Today, data misuse is more common thanks to employees and third-party partners that may have access to sensitive company information. Not to be confused with data theft, data misuse is rarely due to malicious intent or collection without consent; it’s more often a result of ignoring specific permissions and allowable use cases for personal data.
For example, if a credit card company employee were to peek at a friend’s balance or if a person working for a ride-sharing app were to track a specific customer’s location: both no-nos by all standards. Even something as simple as using company software for personal use can be considered data misuse.
Data misuse is a huge threat to privacy and security and often comes with specific penalties outlined in company policies. Unfortunately, many companies don’t have clearly defined cyber policies to prevent data misuse other than terminating an employee.
Data poisoning occurs when the training data of an AI or machine learning algorithm is corrupted, creating an inaccurate final output. Data poisoning is often a direct criminal attack on the integrity of the device. The difference between data poisoning and other cyber-attacks is that eventually, the poisoning becomes an accepted part of the AI. Attackers learn how the system learns and feed it the wrong information in order to exploit the model.
Another way to corrupt data is to introduce the attack before the machine learning can begin. Compared to corrupting an existing system, this model gives bad actors a more accessible breaching opportunity because it reduces the security protocols they have to bypass. Instead, criminals can poison the learning process before it starts. By the time a developer or engineer realizes something’s wrong, it’s already too late.
Data poisoning takes much longer than most other cyber-attacks, so it’s difficult to pinpoint exactly when the data was corrupted. AIs are constantly learning and updating to make the most correct predictions based on their inputs. The only way to fix the corruption is by retraining the system from the ground up. Realistically, the only way to avoid data poisoning is by preventing it in the first place through validity checks, regression training, rate limits, and various other measures. General digital hygiene can help as well—limiting who has access to the machine learning system, not sharing passwords, etc.

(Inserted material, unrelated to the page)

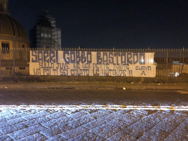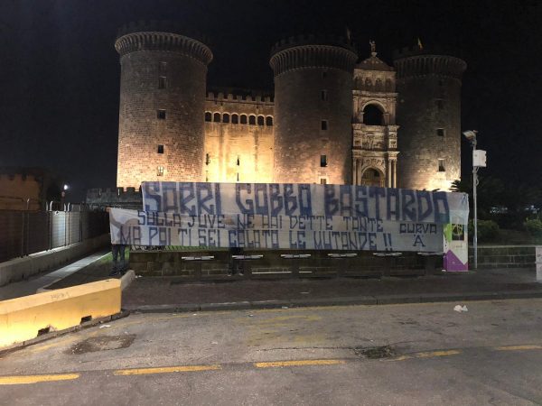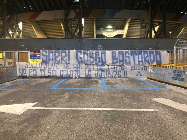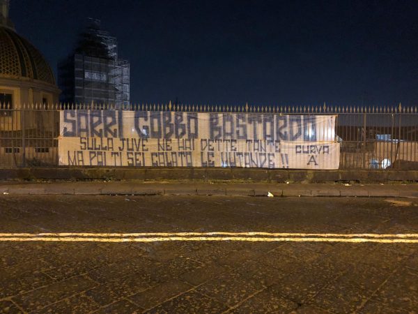 Stanotte, all’esterno del San Paolo e in alcuni punti strategici della città, sono stati esposti degli striscioni dedicati a Maurizio Sarri ad opera della Curva A. Questo il testo: “Sarri gobbo bastardo. Sulla Juve ne hai dette tante, ma poi ti sei calato le mutande. Curva A”.

Data pooling is the process of consolidating data from a large number of sources in a single, centralized database where it can be analyzed and compiled into a standardized format. Database software then verifies and synchronizes that information.
Likewise, a data pool is a related set of values obtained from a single source. A data pool can be any data set meant for analysis—employee records, patient medical information, Global Trade Item Numbers (GTIN), etc. Data pools can be private or shared, but a private pool cannot be seen or shared with anyone except the administrator. Most web-based data pools are shared between different sources and can be accessed by anyone with permission.
The key attributes within each data pool allow trading partners to synchronize information easily. While most data is collected through automation, how that information is collected can affect its accuracy and, in many cases, its usability.
A data subject is any person whose personal data has been collected. Data subjects may potentially be identified through the data that has been collected on them – either directly or indirectly. Companies use this data for various reasons which should be clearly communicated to the subject, specifically what, why, and how the data is being used and collected.